=== How to complete this task ===
The lines below, from the one holding "Nemrut Krater Gölü, Bitlis'in" through the one holding "Смеситель для ванной, технология", are to be restated word for word, with all images left out.

=== Material provided ===

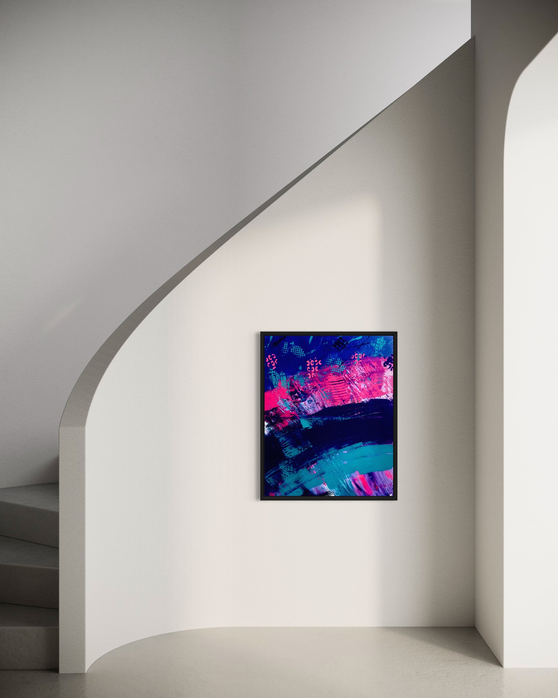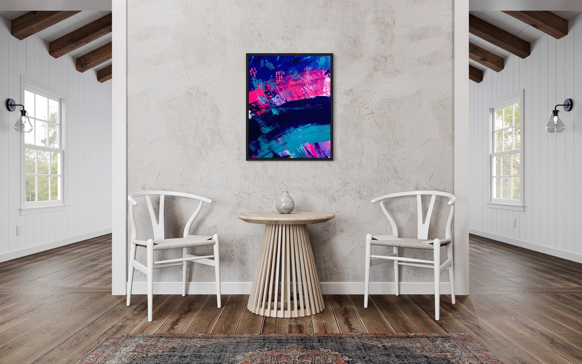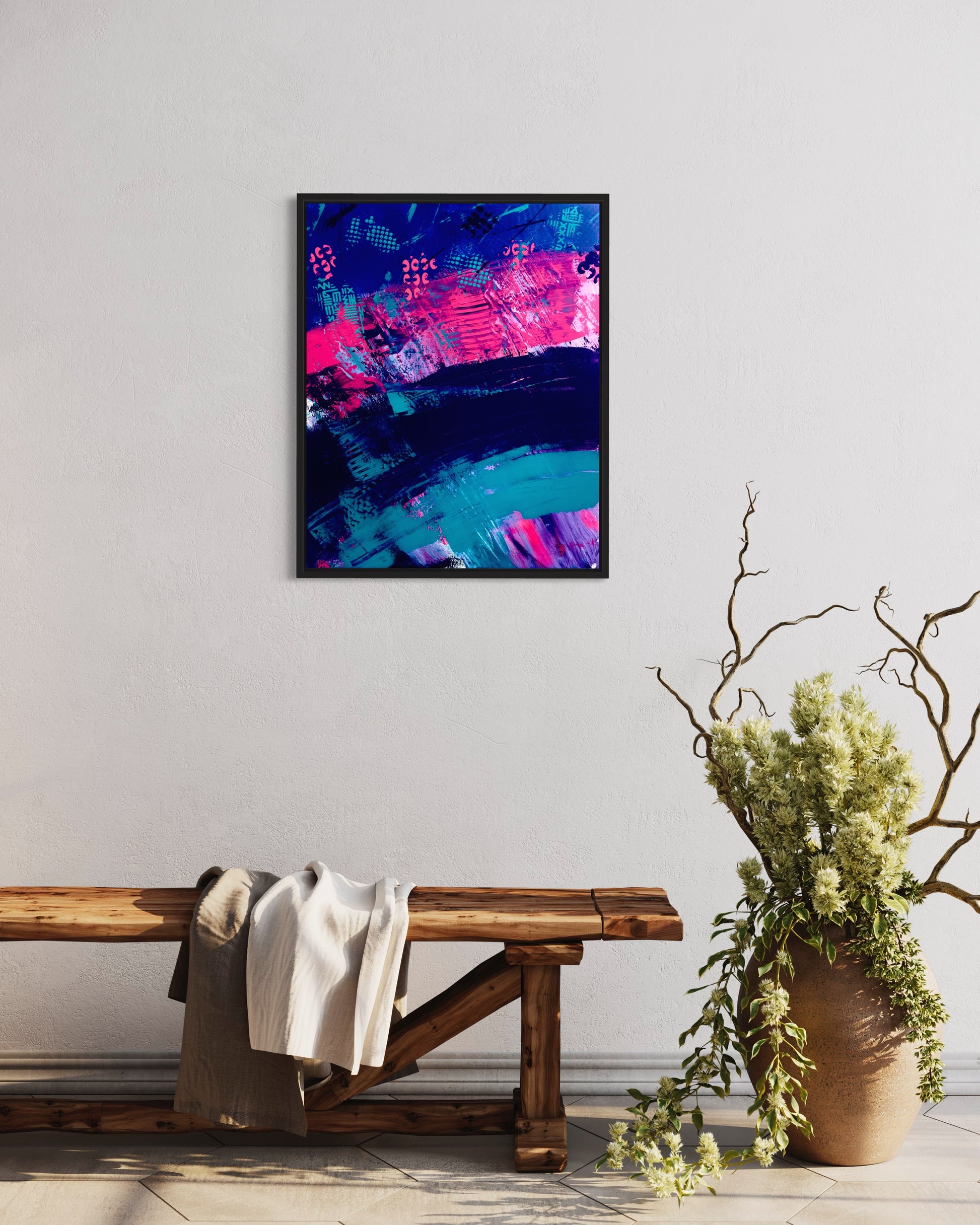 In Phantoms in the Fog, I wanted to express that elusive space between clarity and confusion — where shapes, memories, and emotions blur together. When I painted this, I felt as though I was chasing something unseen, something that shimmered at the edge of understanding. The bold transitions from dark violet to luminous turquoise mirror how light breaks through emotional fog — how presence can return after absence. This painting is about emergence, the persistence of spirit, and the beauty that lives within uncertainty.
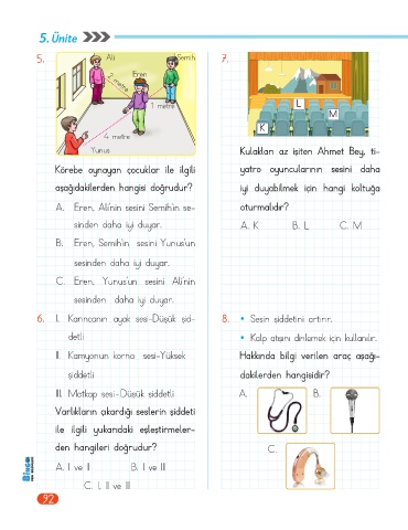 6. I. Karıncanın ayak sesi-Düşük şid- 8. • Sesin şiddetini artırır.
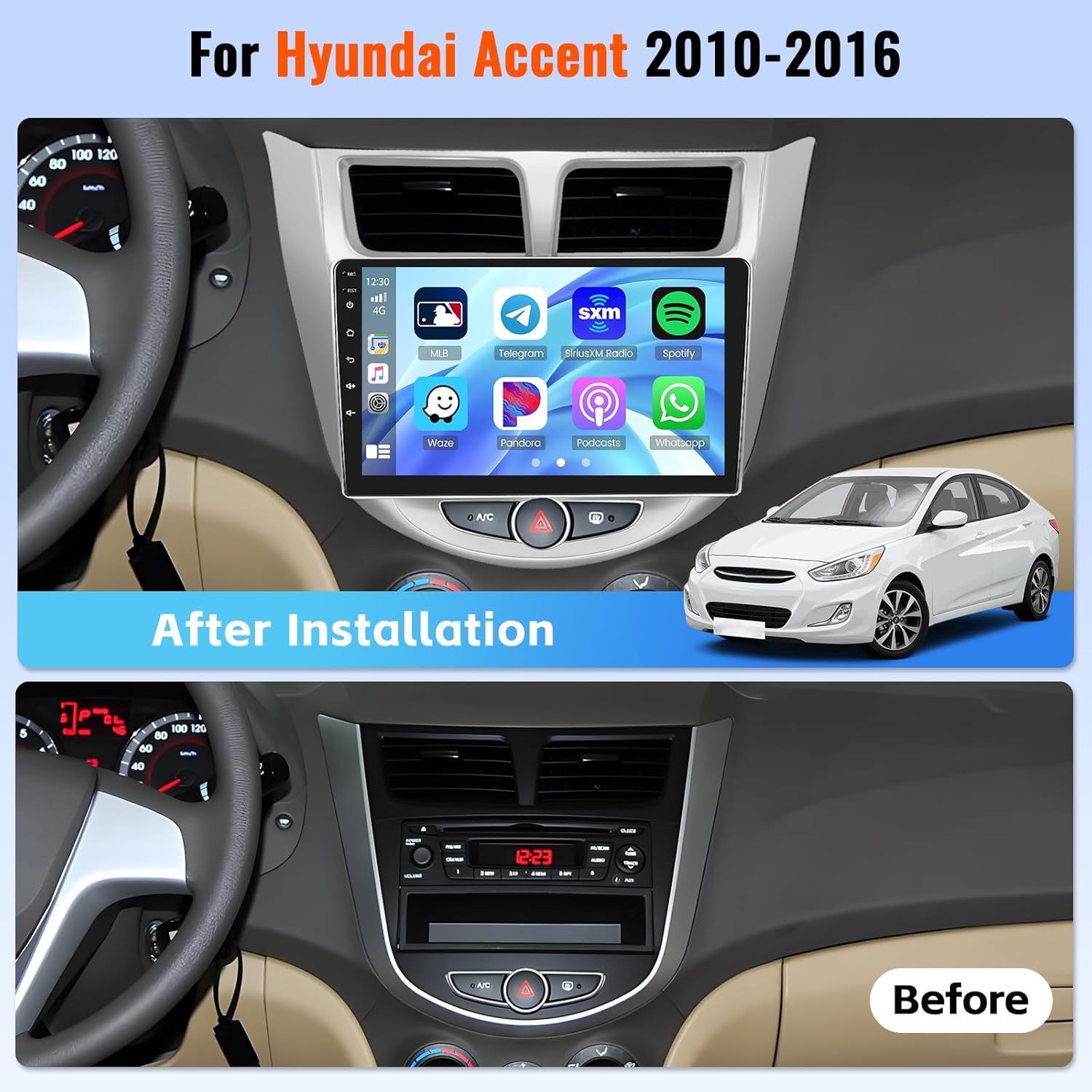 - Effortless Connectivity with CarPlay & Android Auto: This Android bluetooth touch screen car stereo for Hyundai Accent also supports wired and wireless CarPlay and Android Auto for easy access to your phone's apps. Activate voice assistants to manage navigation, calls, messages, music, and other functions hands-free
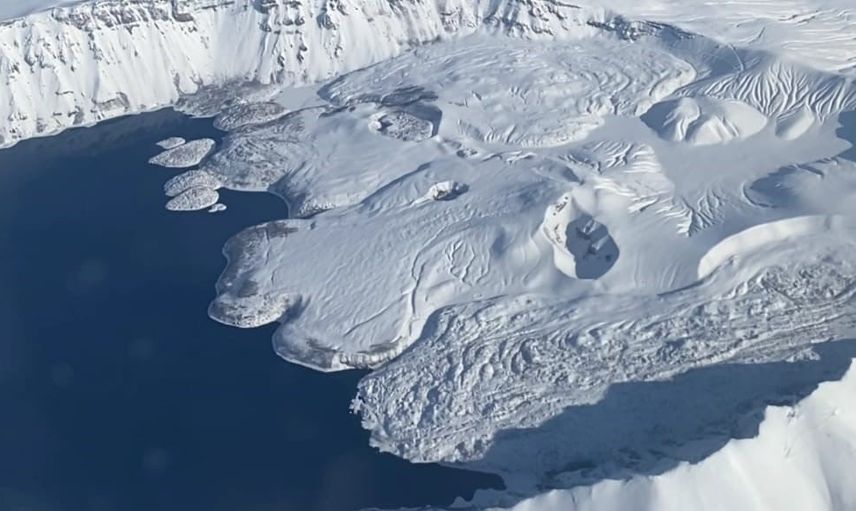 Nemrut Krater Gölü, Bitlis'in Ahlat, Güroymak ve Tatvan ilçeleri sınırlarında yer alan ve Türkiye’nin en büyük krater gölü olma özelliğini taşıyor. Kışın beyaz örtüyle kaplanan alan ve buz tutan göl, havadan bakıldığında benzersiz bir panorama oluşturuyor.
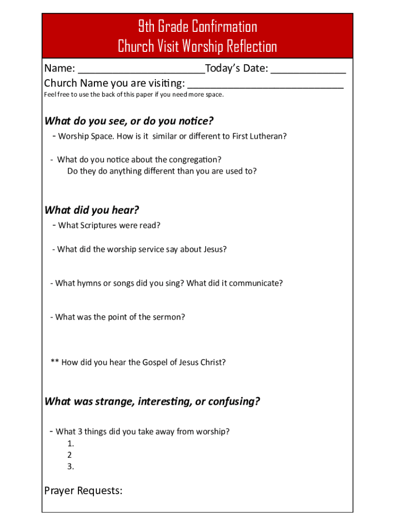 9th Grade Confirmation Church Visit Worship Reflection Name: ___Today's Date: ___ Church Name you are visiting: ___ Feel free to use the back of this paper if you need more space. What do you see,
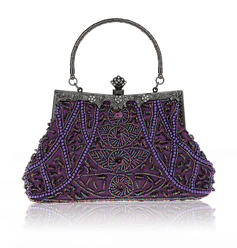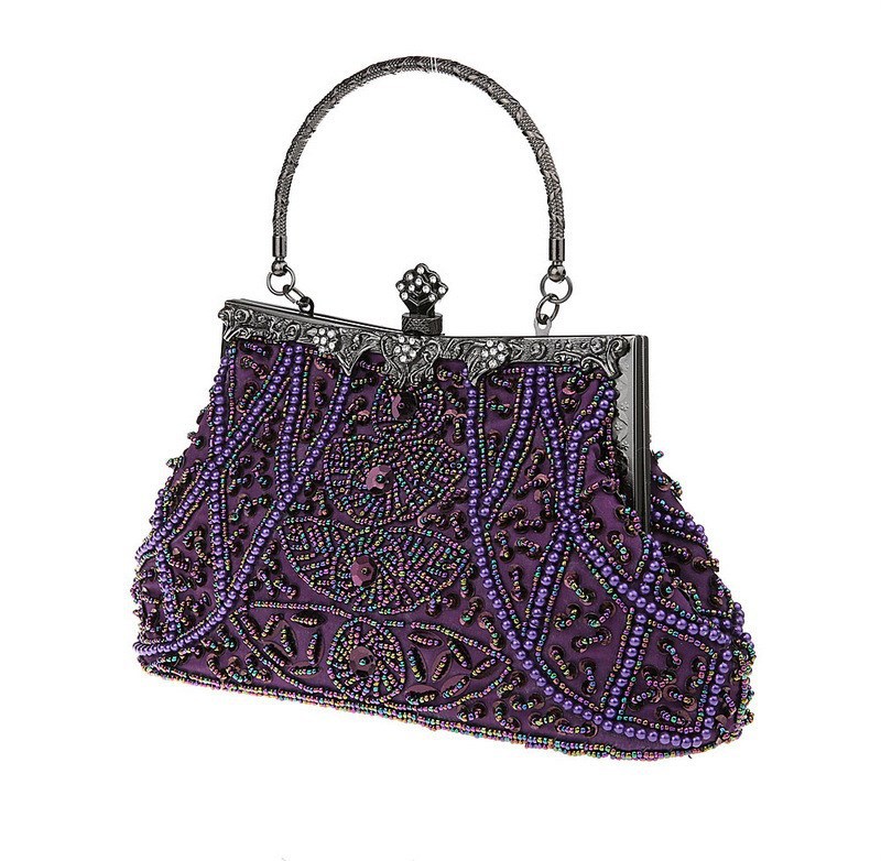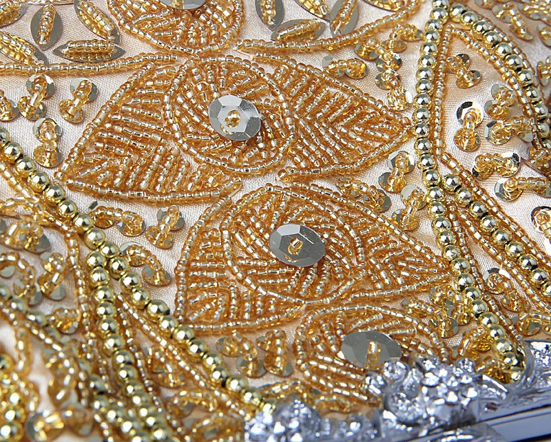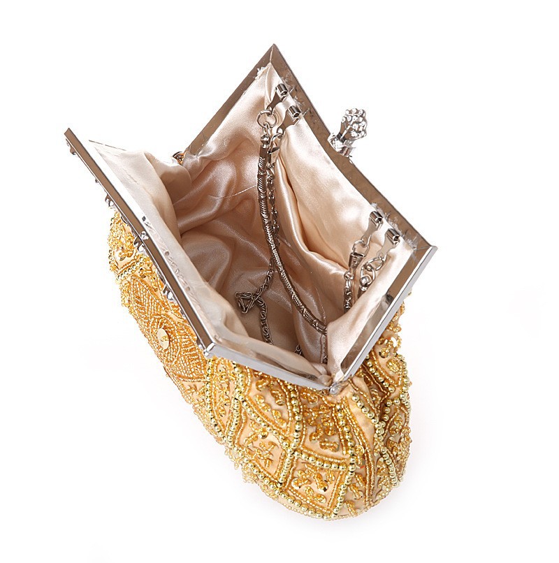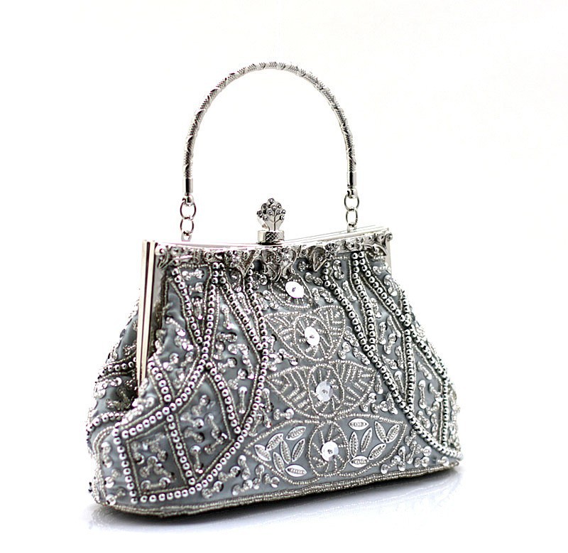 Hot New Women s Evening Bag Exquisite Handmade Beaded Sequined Clutch Retro Flower Pattern Handbag Chain
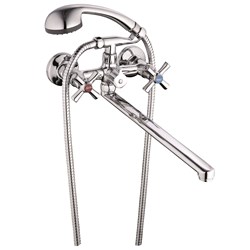 Смеситель для ванной, технология производства литьё в песчаную форму, материал корпуса цинк (Zn), с пов. S-образным круглым изливом 360°, керамическая букса (1/2) 180°, покрытие хром, двухпозиц. картриджное переключение на душ. 10шт/уп.
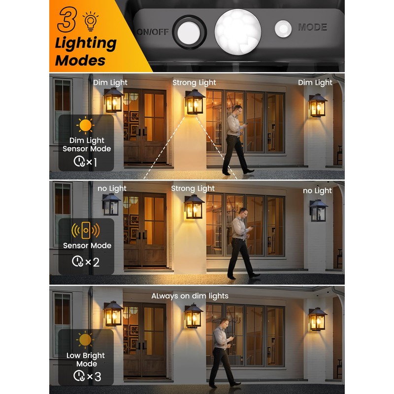 - 【3 Motion Sensor Modes】:The solar outdoor wall lights have 3 lighting modes. Mode 1: gradually shifts from a soft glow to bright when motion is detected at night. Mode 2: instantly switches from dark to bright on motion, ensuring immediate visibility. Mode 3: keeps a steady 30% brightness all night. With an easy "Mode" button press, you can adapt the solar wall lights to any situation. Whether it's a late-night arrival or a relaxing outdoor gathering, you have the perfect lighting option at your fingertips.

=== Result of the task ===
 Nemrut Krater Gölü, Bitlis'in Ahlat, Güroymak ve Tatvan ilçeleri sınırlarında yer alan ve Türkiye’nin en büyük krater gölü olma özelliğini taşıyor. Kışın beyaz örtüyle kaplanan alan ve buz tutan göl, havadan bakıldığında benzersiz bir panorama oluşturuyor.
 9th Grade Confirmation Church Visit Worship Reflection Name: ___Today's Date: ___ Church Name you are visiting: ___ Feel free to use the back of this paper if you need more space. What do you see,
 Hot New Women s Evening Bag Exquisite Handmade Beaded Sequined Clutch Retro Flower Pattern Handbag Chain
 Смеситель для ванной, технология производства литьё в песчаную форму, материал корпуса цинк (Zn), с пов. S-образным круглым изливом 360°, керамическая букса (1/2) 180°, покрытие хром, двухпозиц. картриджное переключение на душ. 10шт/уп.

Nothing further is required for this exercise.